One serious limitation about NTLM is that although it works great for obtaining the login name of users which clearly could be used to look up those users on a network, NTLM does not provide access to the user's login password. While it is true that NTLM does a hash of the user password, this hash is of the user password converted to all CAPS and appears to be a one-way hash to boot. So, even if you were able to figure out how to un-hash/translate the NTLM password from its traces used by NTLM, you will not have a usable password once that is complete because the process would be insensitive to the password case.

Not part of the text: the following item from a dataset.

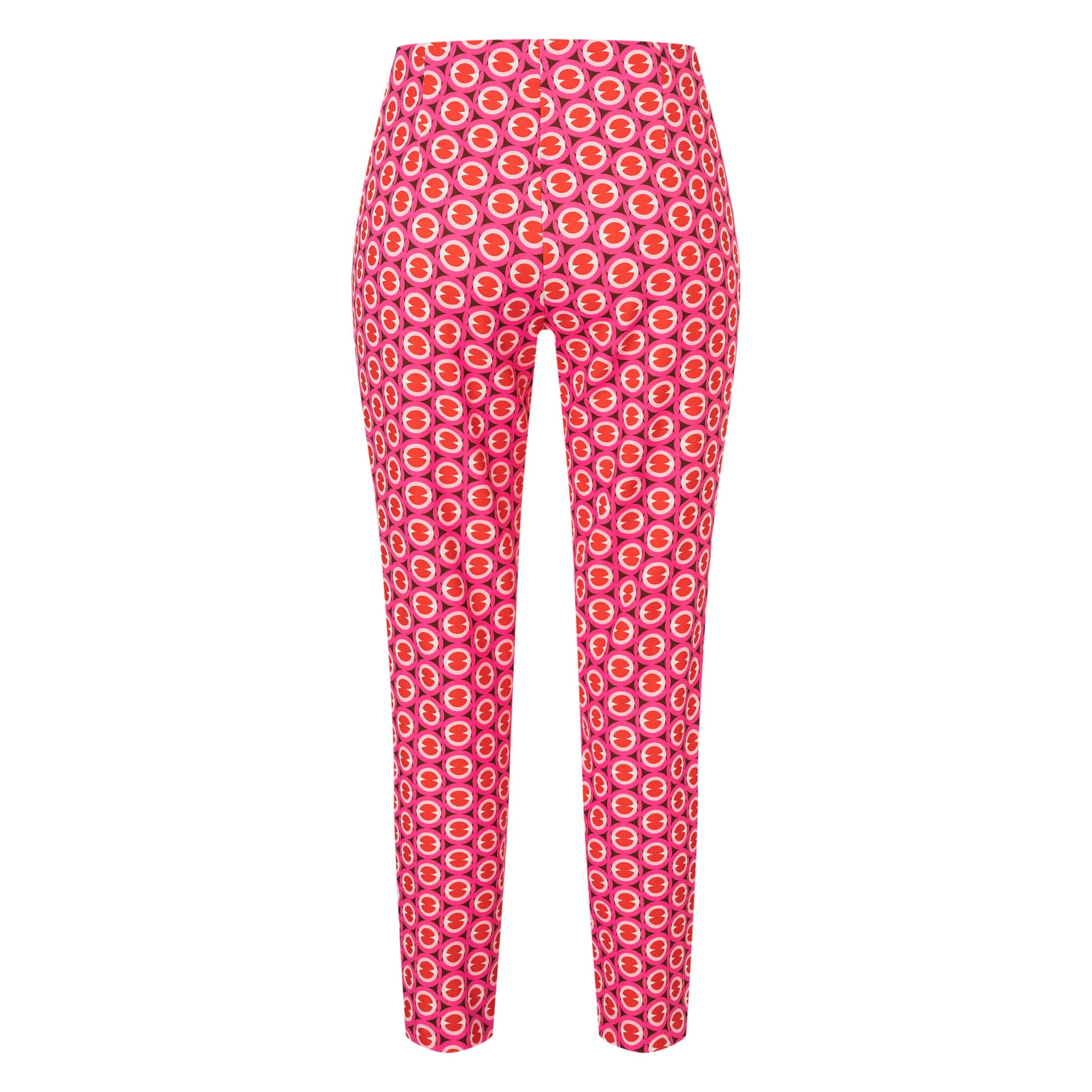 Pantalon van MAC, model Anna. Deze slim fit broek is gemaakt van een gladde stof, heeft toelopende pijpen, een elastische taille en valt boven de enkels. De broek sluit met een knoop- en ritssluiting en aan de voorzijde loopt er een vaste naad.

The final step in activating the Rack is to insert the call into the application configuration.

[config/application.rb]
  class Application < Rails::Application
…

   config.middleware.use "AuthNtlm", {
      :uri_pattern => /\//                       # (default = /\//) (any URL)
    }

    # Custom directories with classes and modules you want to be autoloadable.
    #config.autoload_paths += %W(#{config.root}/extras)
    config.autoload_paths += %W(#{config.root}/lib)

The call to your Rack library file should be placed below the class Application < Rails::Application line within module named after your Rails application. Note, there is one other change, that is to tell Rails to autoload your Rack library files placed in /lib. To do this, you need to uncomment and modify or add a new similar line (what we did) to configure the autoload. If you do not tell Rails to autoload, Rails will not know where to find your Rack application.

We would like to acknowledge the previous contribution of lukefx who originally authored rack-ntlm from which our work was based. We could not make rack-ntlm work as it is presented in GitHub, there is also the serious limitation about passwords which lukefx conveniently failed to mention, instead he hard coded the users password into the application configuration.

If you need to support lots of different browsers (particularly FireFox), this solution will not work. Your best bet in this case would be to use rack-auth-kerberos. However, if you are an IE shop, the above solution should work just fine.